**Your goal**. For the material below, output exactly the span from the line with "Atenção! Caso for" to the line with "26 February 2021;", including both, and nothing besides.

**Provided entries**.
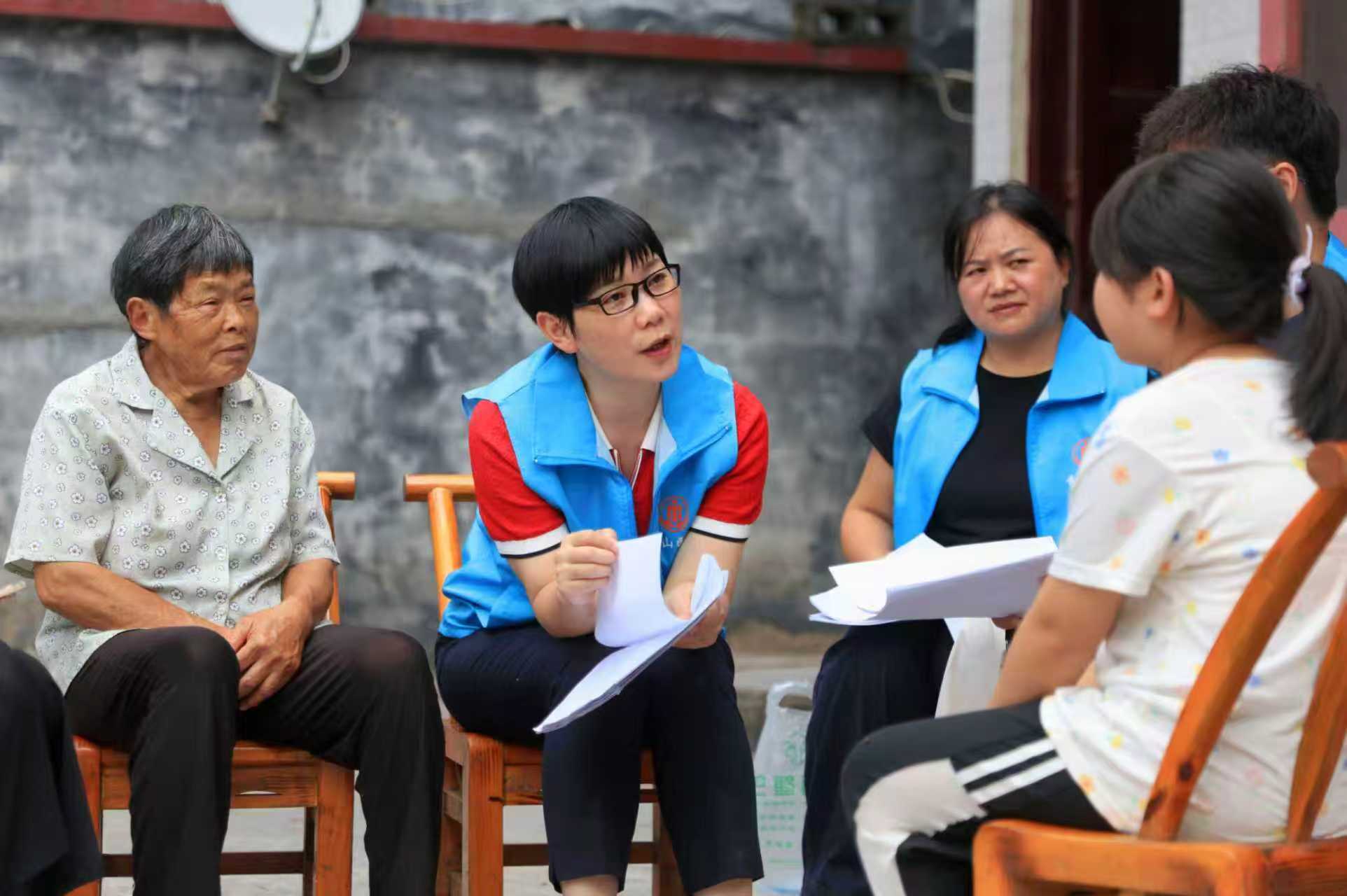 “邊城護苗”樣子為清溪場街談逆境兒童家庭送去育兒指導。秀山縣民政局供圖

* * *

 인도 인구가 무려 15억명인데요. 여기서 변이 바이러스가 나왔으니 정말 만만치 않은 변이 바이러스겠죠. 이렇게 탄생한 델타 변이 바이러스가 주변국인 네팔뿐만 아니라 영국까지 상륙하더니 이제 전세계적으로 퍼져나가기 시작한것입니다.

...

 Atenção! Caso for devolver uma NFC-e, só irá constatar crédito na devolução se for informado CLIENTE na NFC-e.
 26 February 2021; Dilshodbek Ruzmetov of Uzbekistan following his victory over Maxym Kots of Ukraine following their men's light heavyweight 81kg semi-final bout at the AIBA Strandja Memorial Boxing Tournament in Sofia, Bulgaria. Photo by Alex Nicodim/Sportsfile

**Answer box**.
 Atenção! Caso for devolver uma NFC-e, só irá constatar crédito na devolução se for informado CLIENTE na NFC-e.
 26 February 2021; Dilshodbek Ruzmetov of Uzbekistan following his victory over Maxym Kots of Ukraine following their men's light heavyweight 81kg semi-final bout at the AIBA Strandja Memorial Boxing Tournament in Sofia, Bulgaria. Photo by Alex Nicodim/Sportsfile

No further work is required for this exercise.